:: TASK PROMPT ::
Every line below must be copied as written, except for pictures.

---------- DATASET RECORDS ----------

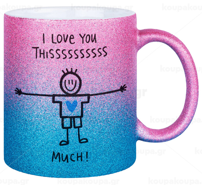 I Love you thissss much (boy)..., Κούπα Χρυσή/Μπλε Glitter, κεραμική, 330ml
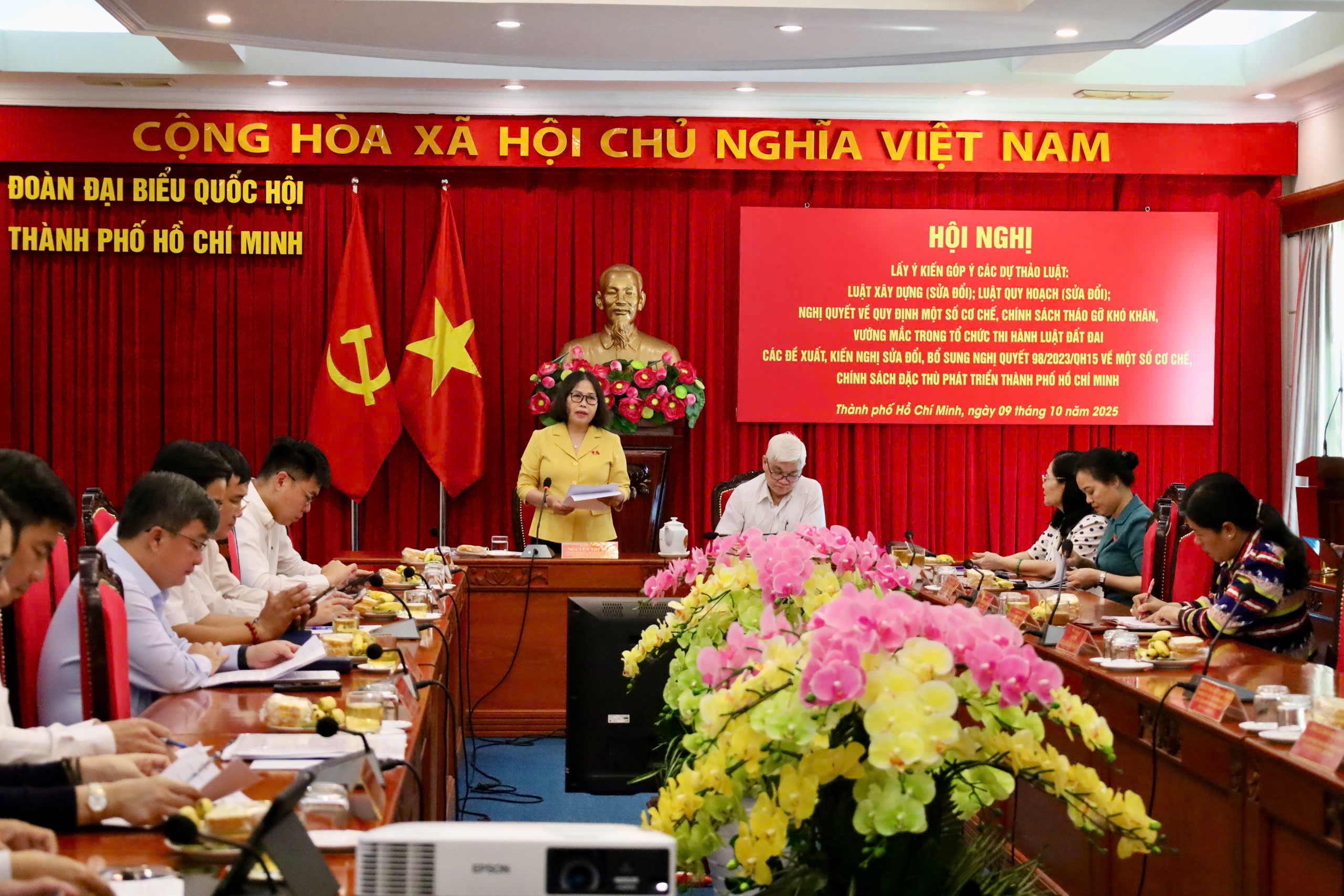 Sáng 9-10, Đoàn ĐBQH TPHCM tổ chức lấy ý kiến góp ý các dự thảo luật: Luật Xây dựng (sửa đổi); Luật Quy hoạch (sửa đổi); Nghị quyết về quy định một số cơ chế, chính sách tháo gỡ khó khăn, vướng mắc trong tổ chức thi hành Luật Đất đai; các đề xuất kiến nghị sửa đổi bổ sung Nghị quyết 98/2023/QH15 Quốc hội về thí điểm một số cơ chế, chính sách đặc thù phát triển TPHCM.
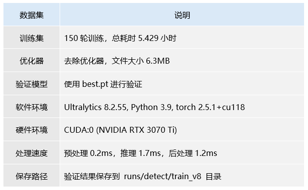 简而言之,模型在训练和验证阶段都表现出色,并且具备较高的推理效率。
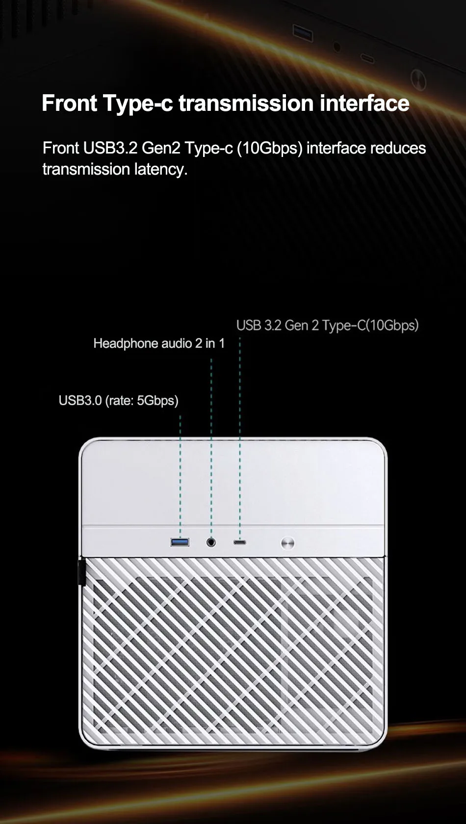 전면 인터페이스: 1 * USB3.0/1 * USB3.2 Gen2 유형-c/오디오 + 마이크 (2 in 1)
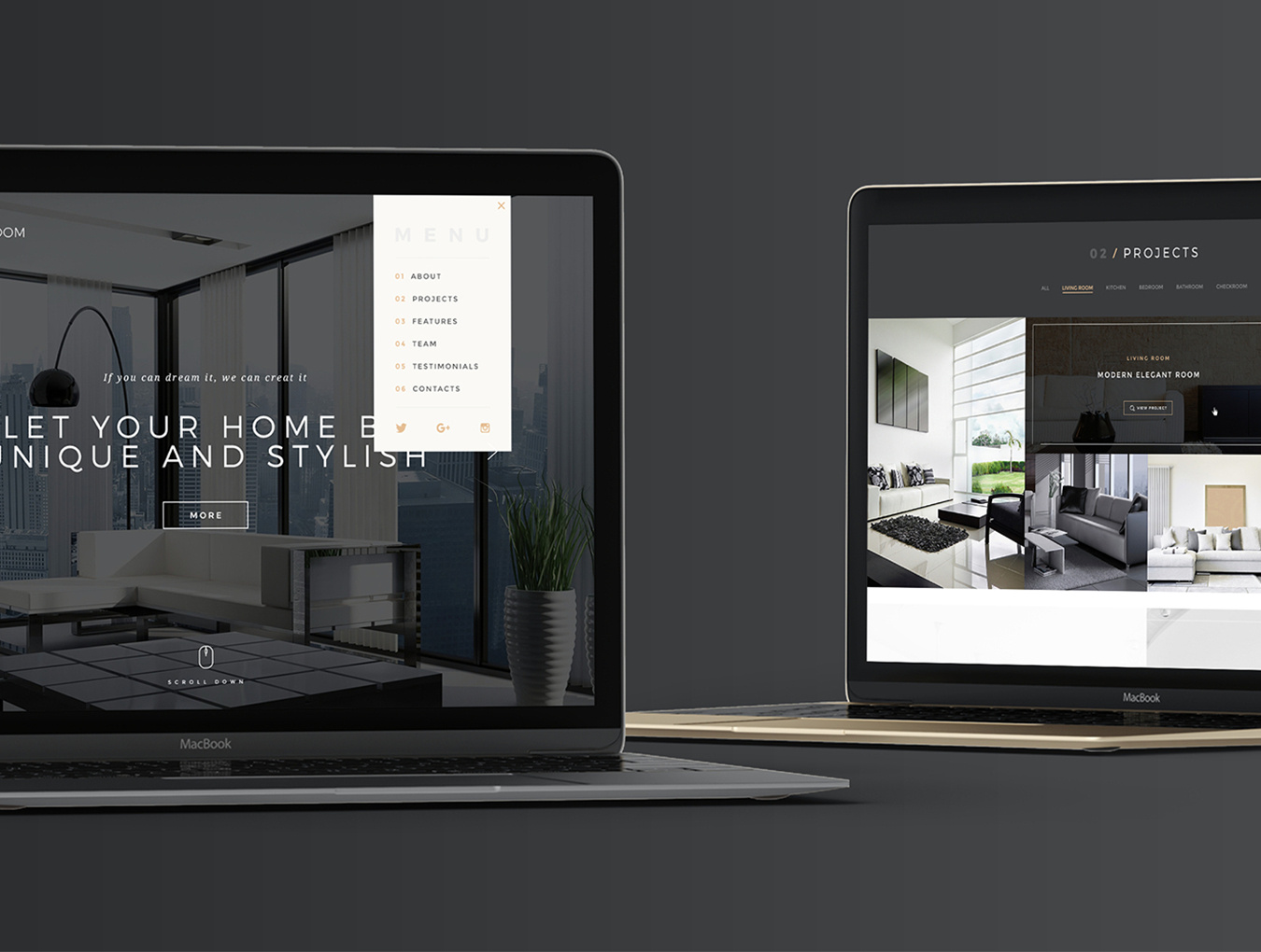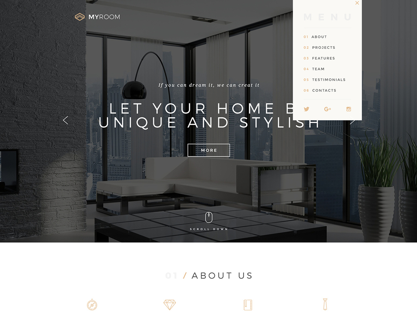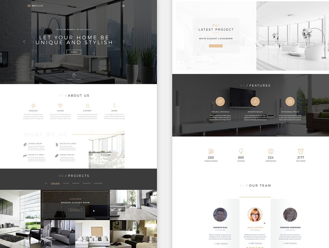 MyRoom是一款优雅,豪华,时尚的基于网络的室内设计PSD模板,基于1170px网格系统。这个现代模板使用免费的标志性和谷歌字体和一些时尚的信息图表为创意投资组合风格的网站。 MyRoom可用于广泛的网站,如建筑局,室内设计和其他企业或创意机构。

----------

:: YOUR SOLUTION ::
 I Love you thissss much (boy)..., Κούπα Χρυσή/Μπλε Glitter, κεραμική, 330ml
 Sáng 9-10, Đoàn ĐBQH TPHCM tổ chức lấy ý kiến góp ý các dự thảo luật: Luật Xây dựng (sửa đổi); Luật Quy hoạch (sửa đổi); Nghị quyết về quy định một số cơ chế, chính sách tháo gỡ khó khăn, vướng mắc trong tổ chức thi hành Luật Đất đai; các đề xuất kiến nghị sửa đổi bổ sung Nghị quyết 98/2023/QH15 Quốc hội về thí điểm một số cơ chế, chính sách đặc thù phát triển TPHCM.
 简而言之,模型在训练和验证阶段都表现出色,并且具备较高的推理效率。
 전면 인터페이스: 1 * USB3.0/1 * USB3.2 Gen2 유형-c/오디오 + 마이크 (2 in 1)
 MyRoom是一款优雅,豪华,时尚的基于网络的室内设计PSD模板,基于1170px网格系统。这个现代模板使用免费的标志性和谷歌字体和一些时尚的信息图表为创意投资组合风格的网站。 MyRoom可用于广泛的网站,如建筑局,室内设计和其他企业或创意机构。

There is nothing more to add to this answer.